• **RECORDS SUPPLIED**:
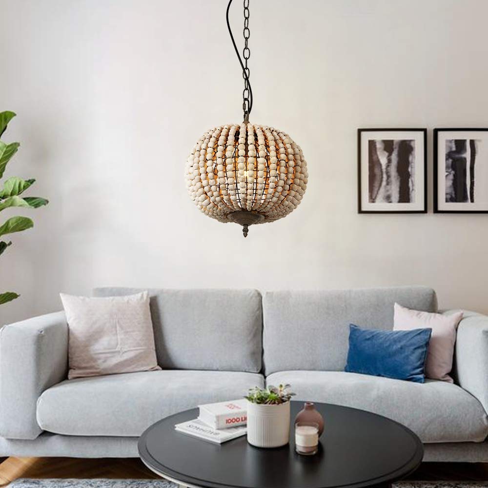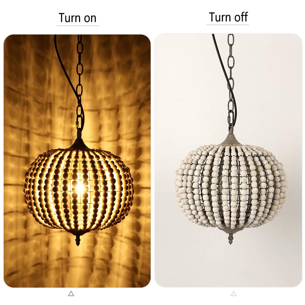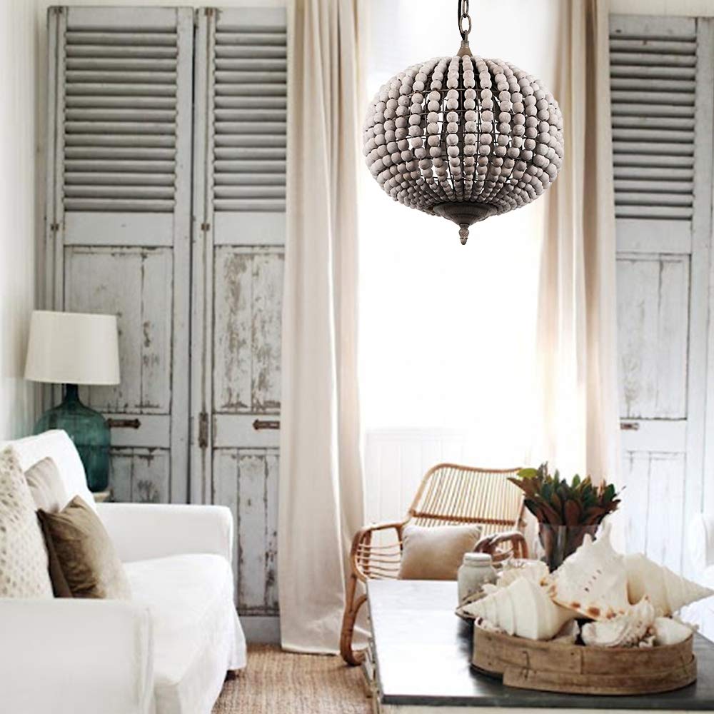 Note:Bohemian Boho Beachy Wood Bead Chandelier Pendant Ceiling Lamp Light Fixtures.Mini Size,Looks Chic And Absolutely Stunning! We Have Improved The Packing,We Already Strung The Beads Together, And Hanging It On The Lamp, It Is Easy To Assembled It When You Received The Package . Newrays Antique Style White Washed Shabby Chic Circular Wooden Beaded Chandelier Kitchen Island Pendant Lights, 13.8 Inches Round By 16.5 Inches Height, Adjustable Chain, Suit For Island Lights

--

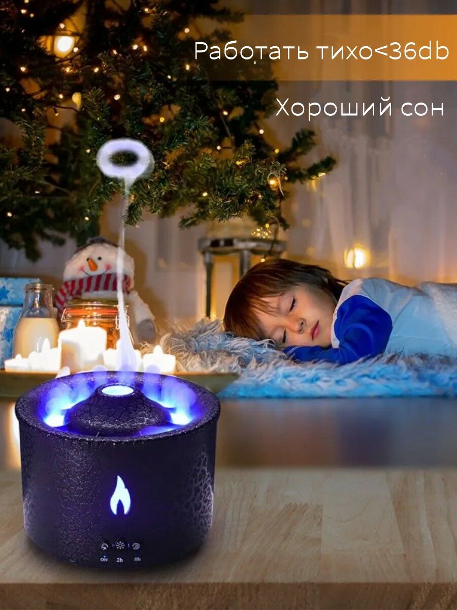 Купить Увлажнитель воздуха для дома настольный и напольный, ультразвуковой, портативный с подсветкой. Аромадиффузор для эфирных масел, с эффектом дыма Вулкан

---

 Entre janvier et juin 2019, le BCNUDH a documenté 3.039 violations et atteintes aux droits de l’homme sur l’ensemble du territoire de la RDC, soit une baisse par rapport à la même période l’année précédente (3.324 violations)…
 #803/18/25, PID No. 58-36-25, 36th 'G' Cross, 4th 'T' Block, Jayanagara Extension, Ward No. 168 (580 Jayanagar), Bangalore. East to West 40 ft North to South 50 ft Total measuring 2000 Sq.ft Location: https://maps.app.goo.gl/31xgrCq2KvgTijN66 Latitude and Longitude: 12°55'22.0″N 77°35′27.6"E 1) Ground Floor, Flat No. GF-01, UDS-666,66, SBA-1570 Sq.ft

• **PROBLEM**:
All that is wanted is the stretch of lines above from the one containing "Entre janvier et" through the one containing "#803/18/25, PID No.", duplicated exactly.

• **EXERCISE RESPONSE**:
 Entre janvier et juin 2019, le BCNUDH a documenté 3.039 violations et atteintes aux droits de l’homme sur l’ensemble du territoire de la RDC, soit une baisse par rapport à la même période l’année précédente (3.324 violations)…
 #803/18/25, PID No. 58-36-25, 36th 'G' Cross, 4th 'T' Block, Jayanagara Extension, Ward No. 168 (580 Jayanagar), Bangalore. East to West 40 ft North to South 50 ft Total measuring 2000 Sq.ft Location: https://maps.app.goo.gl/31xgrCq2KvgTijN66 Latitude and Longitude: 12°55'22.0″N 77°35′27.6"E 1) Ground Floor, Flat No. GF-01, UDS-666,66, SBA-1570 Sq.ft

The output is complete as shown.